BOCD-GMM: Gaussian Mixture Model

Overview

The BOCD-GMM model is a particle-based, non-parametric approach for detecting changepoints in complex data distributions. It uses Gaussian Mixture Models (GMM) to handle multimodal data and provides robustness against outliers.

When to Use BOCD-GMM

Best suited for:

  • Multimodal data with multiple modes
  • Heavy-tailed distributions
  • Outlier-prone data streams
  • Non-Gaussian distributions
  • Complex, heterogeneous data

Advantages:

  • Handles multimodal and non-Gaussian data
  • Robust to outliers through mixture components
  • Flexible distribution modeling
  • Better performance on realistic data

Limitations:

  • Computationally more expensive than NIG
  • Many hyperparameters to tune
  • Requires more data for stable estimates
  • Slower execution than BOCD-NIG

Parameters

Initialization

from pybocd import BOCDGMM

model = BOCDGMM(
    # Component parameters
    alpha_0=2.0,
    beta_0=1.0,
    # Mean parameters
    m_0=0.0,
    kappa_0=1.0,
    # Precision parameters
    alpha_p_0=2.0,
    beta_p_0=1.0,
    # Mixture weight parameters
    mu_p_0=-2,
    sigma_p_sq_0=0.01,
    # Jitter (smoothing) parameters
    jitter_mu=0.01,
    jitter_sigma_sq=0.01,
    jitter_tau_sq=0.01,
    jitter_pi=0.01,
    # Inference parameters
    l=100.0,  # Expected run length
    m=400,  # Number of mixture components
    n=500,  # Number of particles
    init_particle_n=5,  # Initial number of particles
)

Parameter Descriptions

Parameter Description
alpha_0, beta_0 Prior parameters for component weighting
m_0, kappa_0 Prior mean and precision for mixture component means
alpha_p_0, beta_p_0 Prior shape/rate for component precisions
mu_p_0, sigma_p_sq_0 Parameters for precision prior distribution
jitter_* Smoothing parameters for particle updates
l Expected run length between changepoints
m Expected number of particles after SOR
n Threshold number of particles before SOR
init_particle_n Initial particle count before resampling

Usage Example

import numpy as np
from pybocd import BOCDGMM
import matplotlib.pyplot as plt

# Generate synthetic multimodal data
np.random.seed(42)
data = np.concatenate(
    [
        np.random.normal(-2, 0.5, 100),  # Mode 1: mean=-2
        np.random.normal(2, 0.5, 100),  # Mode 2: mean=2
        np.random.normal(0, 0.5, 100),  # Mode 1 returns
        np.random.normal(-2, 0.5, 100),
    ]
)

# Add some outliers
outlier_indices = np.random.choice(len(data), 10, replace=False)
data[outlier_indices] += np.random.normal(0, 5, 10)

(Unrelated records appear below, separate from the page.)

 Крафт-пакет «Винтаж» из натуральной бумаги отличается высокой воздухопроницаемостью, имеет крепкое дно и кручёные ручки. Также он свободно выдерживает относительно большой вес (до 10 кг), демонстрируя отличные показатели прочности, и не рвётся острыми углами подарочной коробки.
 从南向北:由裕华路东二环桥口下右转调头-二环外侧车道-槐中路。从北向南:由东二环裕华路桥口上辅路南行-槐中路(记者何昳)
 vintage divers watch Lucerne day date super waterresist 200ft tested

# Initialize GMM-based model
model = BOCDGMM(
    alpha_0=2.0,
    beta_0=0.5,
    m_0=0.0,
    kappa_0=0.1,
    alpha_p_0=2.0,
    beta_p_0=5.0,
    mu_p_0=-2.2,
    sigma_p_sq_0=0.01,
    jitter_mu=0.01,
    jitter_sigma_sq=0.01,
    jitter_tau_sq=0.01,
    jitter_pi=0.01,
    l=40.0,
    m=400,
    n=500,
    init_particle_n=5,
)

# Process data
for t, x in enumerate(data):
    model.add_data(x)

    # Compute the MAP estimate of the run length
    weights = model.weights
    run_length = model.run_length
    combined_weights = np.bincount(run_length, weights=weights)
    r = np.argmax(combined_weights)
    print(f"Time step {t}: MAP = {r}")

Tuning the GMM Model

Number of Particles (n)

More particles = more accurate but slower:

model = BOCDGMM(..., n=50)   # Fast, less accurate
model = BOCDGMM(..., n=500)   # Balanced
model = BOCDGMM(..., n=5000)  # Slow, more accurate

Jitter Parameters

Smoothing for particle diversity:

# Less smoothing (sharper updates)
model = BOCDGMM(..., jitter_mu=0.001, jitter_sigma_sq=0.001)

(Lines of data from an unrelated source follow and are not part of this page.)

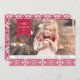 La tarjeta fotográfica festiva incluye tu foto horizontal o paisajista favorita en todo su color con alegres acentos rojos y blancos. En la parte superior izquierda aparece un cartel de cinta roja que lleva el nombre de la familia y el año, mientras que el mensaje de su personalizado se coloca en la parte inferior, encima de una franja con motivos nórdicos en rojo y blanco.
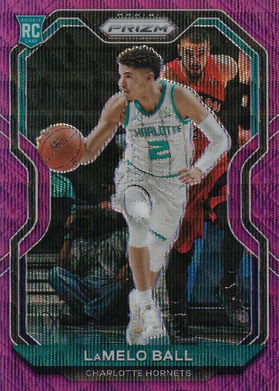LAMELO BALL 2020-21 PANINI PRIZM ROOKIE PURPLE WAVE HORNETS RC CENTRED!!
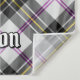 Clan MacPherson crête badge entouré d'une sangle et boucle sur l'arrière - plan écossais habillé. Texte personnalisé.
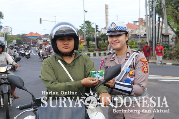 Mangupura , Surya Indonesia.net – Dalam rangka Hari Ulang Tahun Polisi Wanita ke – 76, Kepala Kepolisian Resor Badung AKBP Teguh Priyo Wasono, SIK. membagikan bingkisan coklat kepada para pengguna jalan raya, di simpang Polres Badung, Desa Mengwitani Kecamatan Mengwi Kabupaten Badung, Bali. Rabu (28 Agustus 2024) pagi pukul 08.00 wita.
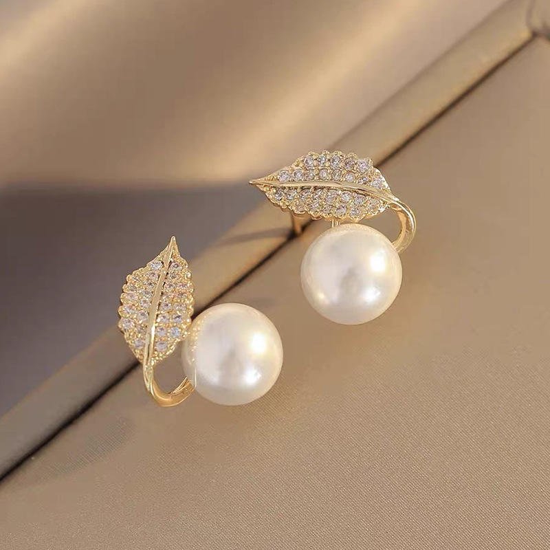 Beautiful Korean Leaf Pearl Earings / Daily Life Earring Accessories For Women
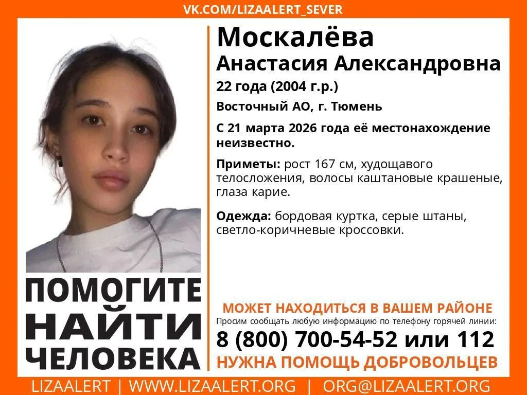 Поисковый отряд «ЛизаАлерт» объявил о пропаже 22-летней Анастасии Москалёвой в Тюмени. Девушка исчезла 21 марта, и с того дня её местонахождение неизвестно.
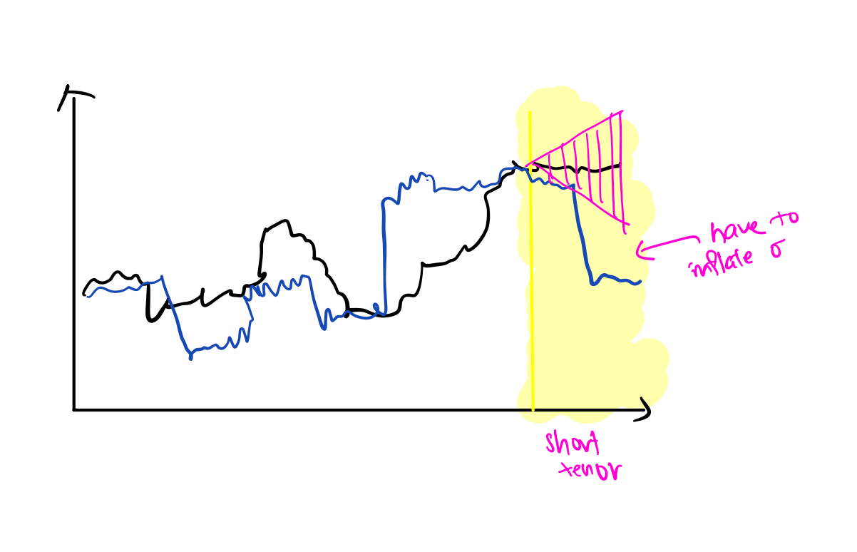 We will first begin by explaining why the jump awareness plays such an important role. Although it is possible in theory to build a volatility surface from more liquid markets, the extreme tte on these market’s suggest that there are very little nearby data points in terms of either strike or term structure; essentially backing out the parameter from a calibrated arbitrage free volatility surface requires extrapolation rather than interpolation, which is much more difficult and error prone from a statistical modelling perspective.
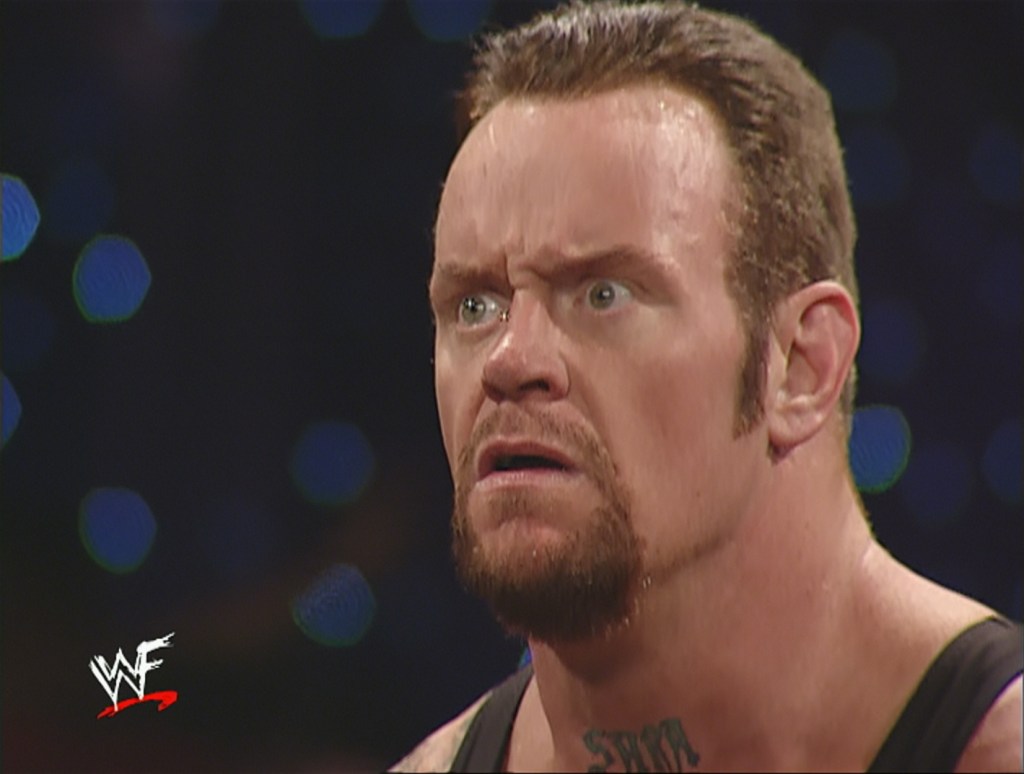 That isn’t really a funny moment per se, but what made me laugh is Taker’s shocked face. It’s so funny that I could imagine him mouthing, βWhat the hell just happened?β It became my go-to reaction image when I’m stunned, speechless, or both.
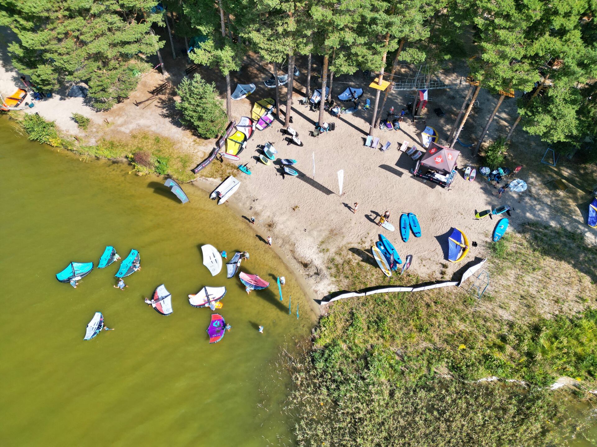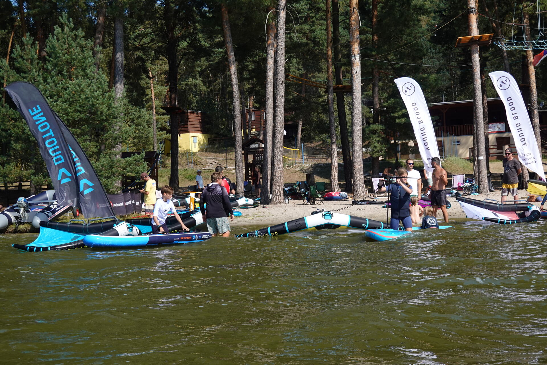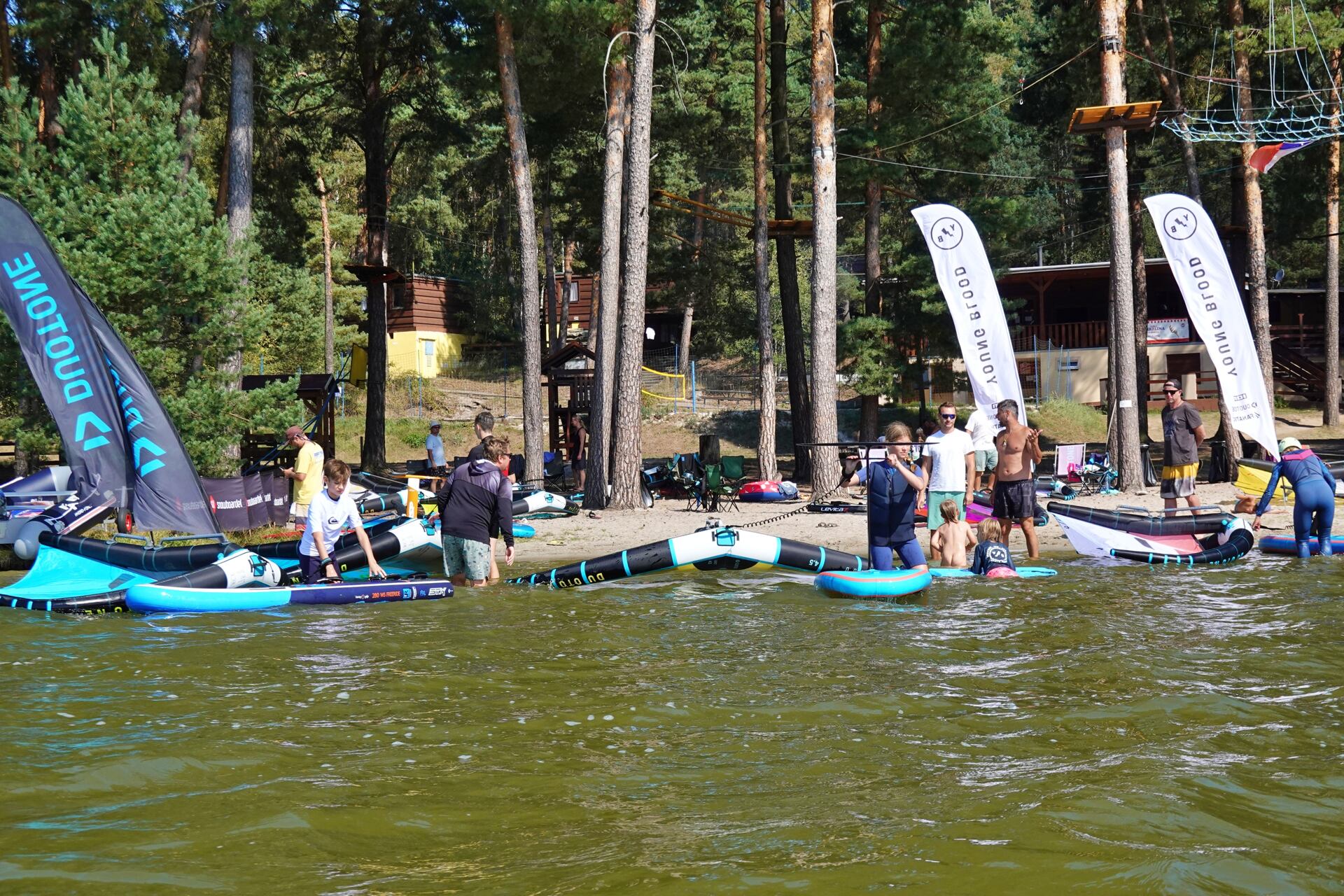 První YBC se konal na Máchově jezeře, ač původní plán byl kemp pořádat na Lipně v kempu Jestřábí 1, kde jsme měli vytvořené perfektní zázemí, tak bohužel nám nepřála předpověď a kemp se na poslední chvíli musel přesunout právě na zmíněné Máchovo jezero. Jak se nakonec ukázalo, tak větrně to byla super volba, foukalo nám oba dny, tedy sobotu i neděli se skvělýma letníma teplotama a sluníčkem. Vítr sice nebyl nejsilnější, ale byl vhodný pro všechny účastníky, jak pro začátečníky, tak i pro pokročilé, kteří jezdili boardy od 55l a wingy okolo 5,0 – 6,0 oba dny. Nakonec se sešlo 15 dětí ve věku od 9 do 16 let a z toho bylo 9 holek. O děti se staralo 5 instruktorů, kteří mají dost zkušeností jak s učením začátečníků, tak i pokročilých.

# More smoothing (smoother updates)
model = BOCDGMM(..., jitter_mu=0.1, jitter_sigma_sq=0.1)

Prior Settings

Weak priors:

BOCDGMM(alpha_0=1.0, beta_0=1.0, kappa_0=0.1, ...)

Strong priors:

BOCDGMM(alpha_0=10.0, beta_0=10.0, kappa_0=10.0, ...)

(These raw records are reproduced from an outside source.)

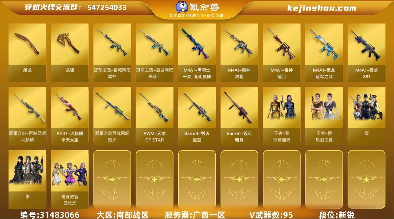 【FC-gMcqBE】四防艾莉莎云悠悠王者葵/幻神+宠儿+N9/竞技套/白虎3皮+qbz金色蔷薇冠军之薇/6盘龙炼狱+小刚6烈龙死亡之眼/冠军之特*4/usp雷暴+神功天巧/cop堕天神/冠军之刃/毁灭雷神冠军三件套/ 广西一区,等级102,王者武器6,炫金武器1,V武器95, 【英雄角色】传说艾莉莎,零,樱,电竞教官-云悠悠,职业选手,云海玲珑,猎狐者,王者樱-热浪之夏,王者葵-惊若翩鸿, 【V武器】M200-幻神,M200-竞技荣光,Barrett-毁灭,AWM-裁决,Scar Light-白虎,QBZ03-金色蔷薇,RPK-盘龙,加特林-炼狱,汤姆逊-烈龙,烈龙-云海游龙,柯尔特-冠军之特,柯尔特-竞技荣光,USP-雷暴,USP-神工天巧,COP-堕天神,Knife-冠军之刃,barrett-金色蔷薇,M4A1-雷神,M4A1-黑骑士,M4A1-黑龙,M4A1-青龙,M4A1-龙血,M4A1-死神,AK47-火麒麟,AK47-无影,AK47-黑鲨,AK47-黑武士,烈火-动感闪耀,AK12-天启,无影-神兵利器,黑武士-锦绣游龙,机械迷城-穹宇,沙鹰-修罗,沙鹰-天神,修罗-云海游龙,天神-动感闪耀,屠龙,麒麟刺,龙啸,擎天,擎天-竞技荣光,屠龙-动感闪耀,屠龙-云海游龙,马来剑-夜魔,唐刀-古蛇迷踪,龙啸-烈火龙威,擎天-云海游龙,麒麟刺-百战金芒,高爆手雷-夜魔,闪光弹-夜魔,烟雾弹-夜魔,高爆手雷-竞技荣光,闪光弹-竞技荣光,烟雾弹-竞技荣光,高爆手雷-古蛇迷踪,烟雾弹-古蛇迷踪,超新星-热带奇洋,龙啸-热带奇洋,高爆手雷-雷霆王者,手雷-云海游龙,手雷-热带奇洋,手雷-动感闪耀,M4A1-再燃火线,龙啸-云海游龙, 【王者武器】玫瑰精灵-悦动,超新星-悦享-觉醒版,王者之力-觉醒版,王者之击-觉醒版,闪光弹-雷霆王者-觉醒版,高爆手雷-雷霆王者, 【狙击枪稀有皮肤】幻神-宠儿-2021MVP,M200-幻神-N9-2022MVP,毁灭-星空,毁灭-航天科技皮肤,毁灭-冠军之怒,毁灭-暗月,天龙-CFSTAR,极光-能量核心...
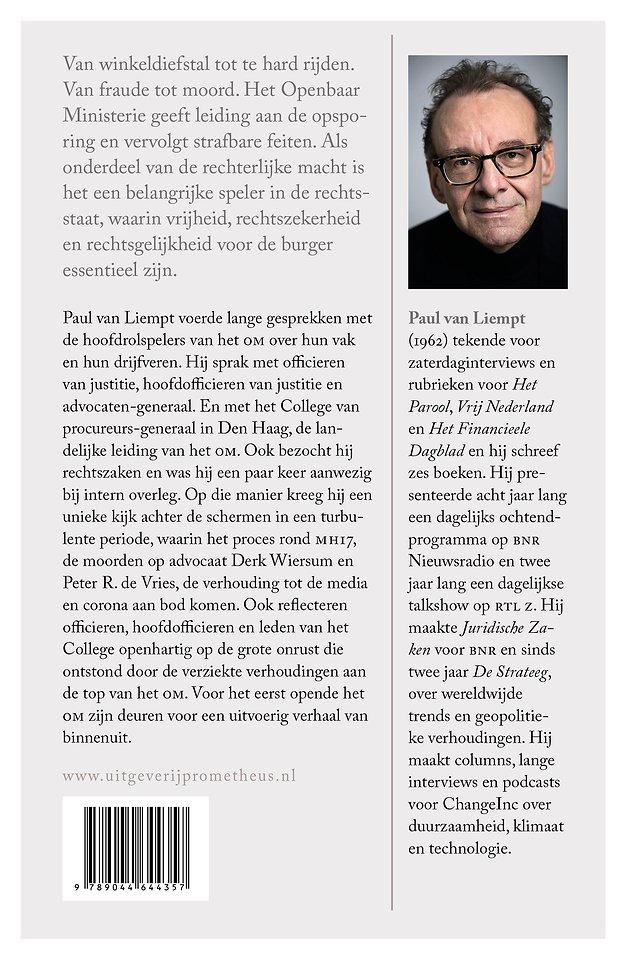 Paul van Liempt voerde vijftig lange gesprekken met de hoofdrolspelers van het OM over hun vak en hun drijfveren. Met officieren van justitie, hoofdofficieren en advocaten-generaal. Hij sprak ook uitvoerig met het College van procureurs-generaal in Den Haag, de landelijke leiding van het OM. Op die manier kreeg hij een unieke kijk achter de schermen in een turbulente periode, waarin ook het proces rond MH17, de moord op advocaat Derk Wiersum, de verhouding tot de media, en corona aan bod komen. En ook het thema integriteit binnenshuis, in de nasleep van het rapport van de commissie-Fokkens over de gevolgen van een liefdesrelatie tussen twee topfiguren van het OM, die tot onrust leidde. Voor het eerst opende het OM zijn deuren voor een uitvoerig en openhartig verhaal van binnenuit.
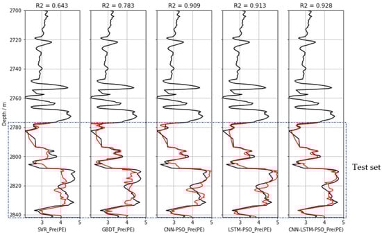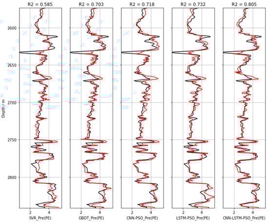 Figure 11 shows the photoelectric effect curves predicted by the SVR, GBDT, CNN-PSO, LSTM-PSO, and CNN-LSTM-PSO models from other logs of Well 1 test data, where black is the actual measured photoelectric effect curve in the oilfield and red is the prediction result on the 20% test set. Overall, there was a good overlay between the measured photoelectric effect and the predicted photoelectric effect for all five models. The R2 values of all models ranged from 0.643 to 0.928, indicating that deep learning can accurately predict the trend of the target photoelectric effect curve. However, combining CNN, LSTM, and PSO algorithms was chosen as the best model, as the logging prediction accuracy is significantly improved in this arrangement, and it is more suitable for predicting the photoelectric effect curve. Therefore, the CNN-LSTM-PSO model was proven to be useful for predicting logging curve sequences from other well logs of the target well itself.
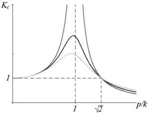При высокочастотных колебаниях, когда , коэффициент передачи силы можно преобразовать следующим образом:

Performance Considerations

  • Memory: Larger particle counts increase memory usage.
  • Speed: Slower than BOCD-NIG by 5-50x depending on parameters.
  • Accuracy: Good at detecting level shifts and anomalies simultaneously.
  • Stability: More stable with larger particle counts.

Comparison with BOCD-NIG

Aspect BOCD-NIG BOCD-GMM
Data Type Level shifts dominated Level shifts + anomalies
Speed Very fast Slower
Robustness Low to outliers High
Hyperparameters Few (4-5) Many (10+)
Computational Cost O(1) in each time step O(n) in each time step

References

For theoretical details, see the original BOCD paper and advanced particle filtering literature.